それくらい彼の肉体の実体感は希薄だ。あんなに存在感があるのに、どこか無機質ですらある。もちろん、怪我したり体調崩したりするから、無機質などではないのだが、まるで肉体にスペアがあるかのような振る舞いをしている。
肉体の感覚が鋭利な割には痛覚が希薄そうな感じとか、きみのボディーは一個しかないんだぞと叱りつけたいが、それでも彼は進もうとしていくのだろう。

理想という月に到達するために、今まで一体どれだけの人が落っこちてきたのか。
羽生結弦は「スポーツは残酷」であり「努力は嘘をつく」とも言う。その言葉はきっと自分自身のことだけでなく、墜落していった他者を見てきたからこそ産み出された言葉だろう。
もしかしたら、墜落していった理想像になれなかった者達がフィルターのようなものの中にたまって、そのたまった液体から絞り出された一滴が今の羽生結弦なのかもしれない。そう思わせるほどの純度と強度が、羽生結弦にはある。
そういう凝縮された何かに精神を動かされ、羽生結弦は「羽生結弦」という高い目標を掲げているんじゃないだろうか。もしかしたら、それが使命と思っているかもしれない。

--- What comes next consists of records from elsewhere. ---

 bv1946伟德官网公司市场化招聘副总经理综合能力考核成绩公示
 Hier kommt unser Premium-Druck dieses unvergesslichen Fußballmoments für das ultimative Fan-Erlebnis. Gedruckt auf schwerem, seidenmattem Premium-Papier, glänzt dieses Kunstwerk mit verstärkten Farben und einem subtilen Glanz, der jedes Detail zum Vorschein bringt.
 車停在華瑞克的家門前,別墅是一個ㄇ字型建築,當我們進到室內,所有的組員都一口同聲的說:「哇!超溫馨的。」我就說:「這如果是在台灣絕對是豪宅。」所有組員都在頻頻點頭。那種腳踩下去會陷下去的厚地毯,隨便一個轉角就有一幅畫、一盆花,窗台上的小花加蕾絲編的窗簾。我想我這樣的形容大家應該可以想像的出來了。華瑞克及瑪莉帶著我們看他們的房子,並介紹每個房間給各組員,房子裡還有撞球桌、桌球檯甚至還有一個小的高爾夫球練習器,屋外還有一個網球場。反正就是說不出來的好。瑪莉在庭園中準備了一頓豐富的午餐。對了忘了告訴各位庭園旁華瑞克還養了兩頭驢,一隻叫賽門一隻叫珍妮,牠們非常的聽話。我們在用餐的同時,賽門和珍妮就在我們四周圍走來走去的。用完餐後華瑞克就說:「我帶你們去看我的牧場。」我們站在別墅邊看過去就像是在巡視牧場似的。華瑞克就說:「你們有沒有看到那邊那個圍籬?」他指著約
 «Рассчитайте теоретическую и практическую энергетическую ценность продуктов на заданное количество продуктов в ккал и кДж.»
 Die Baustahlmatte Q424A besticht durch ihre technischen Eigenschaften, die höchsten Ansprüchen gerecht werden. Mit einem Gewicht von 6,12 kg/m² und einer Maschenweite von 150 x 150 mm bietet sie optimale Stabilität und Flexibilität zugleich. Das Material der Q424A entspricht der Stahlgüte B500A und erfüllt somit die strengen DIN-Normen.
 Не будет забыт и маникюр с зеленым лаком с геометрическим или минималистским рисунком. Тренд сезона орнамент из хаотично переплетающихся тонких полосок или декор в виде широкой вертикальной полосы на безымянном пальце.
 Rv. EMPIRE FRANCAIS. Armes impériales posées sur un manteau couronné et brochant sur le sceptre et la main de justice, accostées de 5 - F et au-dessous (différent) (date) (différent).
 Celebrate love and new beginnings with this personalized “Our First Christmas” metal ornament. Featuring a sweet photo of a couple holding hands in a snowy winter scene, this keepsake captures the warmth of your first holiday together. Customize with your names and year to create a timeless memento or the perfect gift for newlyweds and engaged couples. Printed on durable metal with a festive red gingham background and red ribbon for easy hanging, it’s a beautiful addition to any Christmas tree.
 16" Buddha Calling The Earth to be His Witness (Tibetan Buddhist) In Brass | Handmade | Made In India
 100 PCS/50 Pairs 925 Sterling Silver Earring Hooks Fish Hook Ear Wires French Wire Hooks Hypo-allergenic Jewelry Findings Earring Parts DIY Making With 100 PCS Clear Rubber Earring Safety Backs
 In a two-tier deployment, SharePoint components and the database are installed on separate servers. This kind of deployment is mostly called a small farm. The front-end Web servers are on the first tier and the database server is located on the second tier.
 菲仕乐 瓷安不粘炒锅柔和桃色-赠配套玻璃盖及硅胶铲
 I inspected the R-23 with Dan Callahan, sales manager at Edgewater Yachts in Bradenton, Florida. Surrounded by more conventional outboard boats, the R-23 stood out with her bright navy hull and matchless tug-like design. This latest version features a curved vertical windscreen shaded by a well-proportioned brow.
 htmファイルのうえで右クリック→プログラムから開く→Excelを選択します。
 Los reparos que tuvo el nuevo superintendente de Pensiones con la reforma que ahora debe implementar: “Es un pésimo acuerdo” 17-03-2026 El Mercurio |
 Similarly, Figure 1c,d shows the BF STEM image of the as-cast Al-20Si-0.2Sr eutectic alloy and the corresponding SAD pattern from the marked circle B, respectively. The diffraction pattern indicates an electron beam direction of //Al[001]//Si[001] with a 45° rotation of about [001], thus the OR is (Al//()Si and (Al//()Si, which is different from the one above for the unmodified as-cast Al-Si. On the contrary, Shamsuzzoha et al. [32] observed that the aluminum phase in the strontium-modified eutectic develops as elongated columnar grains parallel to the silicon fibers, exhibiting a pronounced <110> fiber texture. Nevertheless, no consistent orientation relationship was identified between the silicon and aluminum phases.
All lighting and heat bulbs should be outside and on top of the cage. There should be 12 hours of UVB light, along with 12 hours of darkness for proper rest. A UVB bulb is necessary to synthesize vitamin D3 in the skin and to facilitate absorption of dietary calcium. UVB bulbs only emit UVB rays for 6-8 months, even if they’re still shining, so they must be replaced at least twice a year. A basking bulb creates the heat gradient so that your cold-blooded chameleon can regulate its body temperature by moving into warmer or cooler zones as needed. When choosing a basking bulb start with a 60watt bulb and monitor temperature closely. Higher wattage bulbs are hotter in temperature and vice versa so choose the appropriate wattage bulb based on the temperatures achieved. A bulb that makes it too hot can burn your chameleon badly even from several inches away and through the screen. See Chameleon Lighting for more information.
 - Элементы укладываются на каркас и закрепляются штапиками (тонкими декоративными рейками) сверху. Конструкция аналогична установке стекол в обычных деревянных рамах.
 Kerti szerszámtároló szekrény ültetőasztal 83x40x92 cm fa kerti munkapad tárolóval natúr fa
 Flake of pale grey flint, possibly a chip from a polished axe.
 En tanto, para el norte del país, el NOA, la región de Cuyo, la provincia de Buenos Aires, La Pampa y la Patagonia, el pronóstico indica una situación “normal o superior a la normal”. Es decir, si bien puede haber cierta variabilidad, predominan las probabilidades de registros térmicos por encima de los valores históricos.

再度梶井基次郎の詩に例えてしまうと、彼は「桜の樹の下には」の「桜」なのだ。
彼の美しさ・強さの下には、墜落していった他者の屍体や、あるいは彼自身の表には出ない苦悩や、精神に置いてけぼりにされた肉体の一部なんかが埋まっている。
そして、それらを吸い上げて美しく咲いている。そういったグロテスクな側面があるからこそ、羽生結弦は美しいんじゃないだろうか。

遅かれ早かれいずれ彼は月に行ってしまう。
どうかそれまで肉体が保ちますように。そして、精神が肉体を離れすぎませんように。